I think I’m an intelligent person.  And I think I’m generally pretty street smart too.  So, when I fumble and find myself in a situation where I ask myself, how the hell I got there, it startles me that I did not see the warning signs.

So, I officially quit my job on July 27 – a job that I only worked at for a mere 6 weeks.  For someone who’s an extremely loyal employee spending multiple years at other organizations, the fast-track to failure in this last role surprised me.  My role was in sales for a dental company and although I knew it would be a transitionary role, I planned to be in it for at least a year or two, because, well, that’s just the way I see things – I don’t like to take advantage of people, or organizations and am never in it for the short-term.  I know that hiring and retaining employees is a pricey process.

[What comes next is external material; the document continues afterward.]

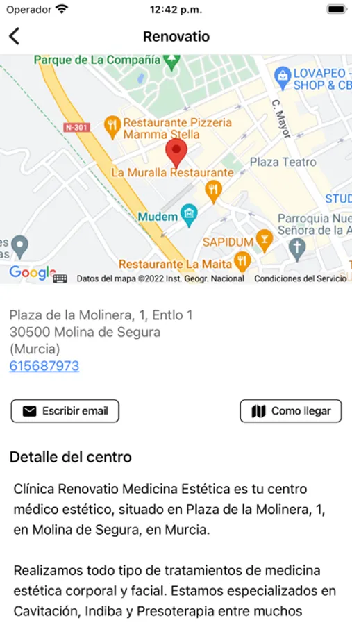 Con la APP de Clínica Renovatio Medicina Estética, centro médico estético situado en Plaza de la Molinera, 1, en Molina de Segura, en Murcia. Podrás reservar citas 24/7, accede a promociones exclusivas y modifica o cancela tus citas si no puedes acudir de forma sencilla.

My first clue should have been the lack of negotiating from the start.  I mistakenly believed the economy was such that even negotiations were out the door, and that employers had so much of an upper hand, that they just didn’t have to engage in that process.  I should have known better.

A great partnership, whether that is an employer-employee, business partner, or marriage partner involves a little, and sometimes a lot of give and take.  If any particular side has more, it never works out – partners will never be happy.

I believe that when it comes to signing any contract, neither party will ever get everything they wanted, but they will get some of what they asked for.  No one should feel that they got taken, nor that they got the upper hand.  Both parties should feel happy.

They didn’t budge on anything.  I should have walked away right then and there.

The next 6 weeks was generally the same thing.  They treated me like I was out to get them, and that I would stab them in the back the first chance I could get.  I could not be trusted with anything, and let’s be honest, I’ve had far more responsibilities in the past regarding revenue and reporting relationships.

They didn’t even have the decency to part nicely.  Okay, they weren’t horrid, but let’s just say if I were in their shoes, I would have done things differently.

The great news?  6 weeks of my life, sweat and tears (and I worked ridiculous hours for them) is lost and I won’t get it back, but I did get to reunite with someone I went to high school with through my travels in the industry.

I’m thrilled to be done with them, and moving on to people who actually do trust and appreciate me.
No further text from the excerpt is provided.